- Born: February 20, 1952 New York City, U.S.
- Died: August 30, 2025 (aged 73) Washington, D.C., U.S.
- Education: New York University
- Occupation: Journalist
- Years active: 1975–2020
- Employers: Associated Press (1975–1988); CBS News (1988–2020);

= Mark Knoller =

American broadcast journalist (1952–2025)

Mark Nathan Knoller (February 20, 1952 – August 30, 2025) was an American broadcast journalist who covered the White House. His career spanned nearly five decades, including 32 years he devoted to reporting for CBS Radio News. Knoller also made occasional appearances on CBS Television News, especially if he was the day's pool reporter for the White House press corps. He was known for gathering statistics on the daily activities of U.S. presidents beginning in 1996.

== Early life ==
Mark Nathan Knoller was born in Brooklyn, New York, on February 20, 1952, and graduated from New York University.

==Career==
Knoller's first reporting job was with the Associated Press's radio division in 1975. He joined CBS in 1988. While living in New York in the 1970s, he traveled by train to South Belmar, New Jersey to work weekend news shifts at radio station WADB-FM. In later years, he began using Twitter as a primary outlet for his reporting when issues with his voice impeded his broadcasting abilities.
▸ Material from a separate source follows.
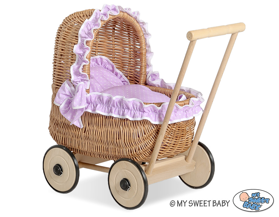 Natural Wicker Dolls Pram Basket Purple with White Dots Dolls Bedding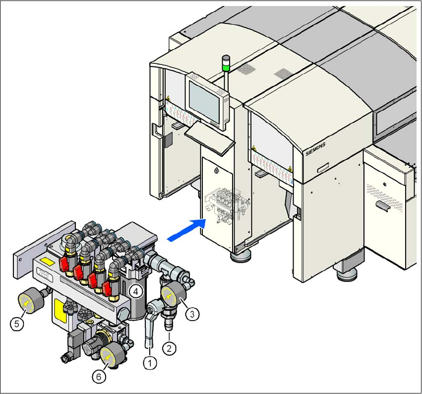 (6) Manometer for the bulk case feeder modules supply pressure

Knoller was known for meticulously cataloguing the daily activities of each president, keeping tallies of every sort of public appearance, comment, and activity over the years. He began doing so in 1996, when Bill Clinton was visiting California, and Knoller discovered that there was no easy way to find out how many times he had previously visited the state. In 2012, Washingtonian magazine dubbed him "the unofficial White House statistician", and noted that "reporters, presidential staffers, and even press secretaries" routinely sought information from him.

On May 28, 2020, it was reported that CBS had laid off Knoller. He tweeted that day that he was still on the job and was waiting to see what he would do next. The layoff was greeted by a tremendous outpouring of support for Knoller from all sides of the political divide.

==Personal life==
Knoller suffered from diabetes, and in the 2000s had to have two toes amputated as a result of complications from a foot injury he sustained while working.

After a period of declining health, Knoller died at a Washington hospital on August 30, 2025, at the age of 73.